OK, let’s get to the point: They can’t all be “10s.” However, beware of chasing whatever comes along. Defining your perfect target isn’t meant to restrict you; rather, it creates a guideline for determining where to proactively invest your time and resources for hunting, and it acts as a filter for deciding whether you should respond to opportunities that come to you.
Some of the target criteria you’ll want to consider includes:
- Determine the product or service providers you already have, or with whom you intend to develop a specialized capability in serving.
- What is your potential new customer/client size?
- Number of employees
- Number of locations and where they are located
- Think about their culture — the way they do business.
- Do you have recurring and/or single-project work?
- What work may lead to other opportunities?
- Remember that clients of your potential new customer/client may be new opportunities for you.
Part of defining your perfect target includes determining the least desirable target. Robert B. Miller and Stephen E. Heiman’s book, The New Strategic Selling, suggests making a list of the following, in the order noted:
- Current and past:
- Best customers/clients
- Worst customers/clients
- Characteristics of the above clients:
- Best characteristics
- Worst characteristics
- Now define your ideal customer/client from these four lists.

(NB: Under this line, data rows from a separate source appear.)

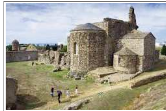
SANTA MARIA DE ROSES.

Ja hem dit que el primer document on es parla d'aquesta església és de l'any 944. Setze anys més tard Santa Maria es va convertir en monestir i s'independitzà de Sant Pere de Rodes al qual pertanyia. L'any 1053 es va consagrar un nou temple, que és el que podem veure avui. Al seu entorn es formà un petit poble que en depenia i a mitjan segle XI s'envoltà tot plegat amb una muralla que dos anys més tard s'amplià en haver crescut molt el poblet. El monestir entrà en decadència a partir del segle XV i va ser abandonat a finals del XVIII.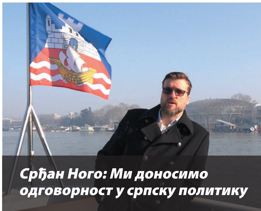
Срђан Ного: Ми доносимо одговорност у српску политику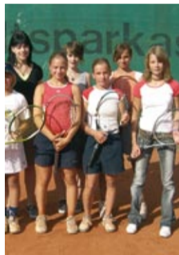
Juniorinnen 2 - Meister Kreisklasse 1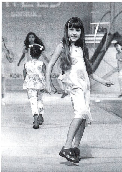
Modeschau Kids On Stage

Im Strickbereich dominieren Troyer- und kurze V-Kragen. Leider ist auch hier für die Jungen die Grauarie angesagt, sehr unsicher im Strassenverkehr. Kräftige Strukturen bleiben wichtig, wobei der Zopf abnimmt. Ein Comeback erleben Strickjacken, kurz für die körperengen Varianten und lang für die Hippie-Modelle der guten alten Flower-Power-Generation. Martina Reims

Before you pursue new clients, a next step — and one also recommended by Miller and Heiman — is to review your current customer/client list against your ideal profile. The purpose is to consider whether you should continue these existing relationships. This is a healthy process that you should go through periodically, perhaps every year or so. There may be some clients you should dismiss, and others that you’ll keep after making certain changes to the relationship. Regardless, it helps you focus your limited resources.
With your perfect target defined, a refreshed list of current customers/clients and renewed commitment to serving them, you’re now well-positioned to effectively and efficiently begin hunting for new ones.
Choose your analogy — shotgun or rifle, hurricane or tornado — the more you narrow your definition, the more likely you’ll find your “10.”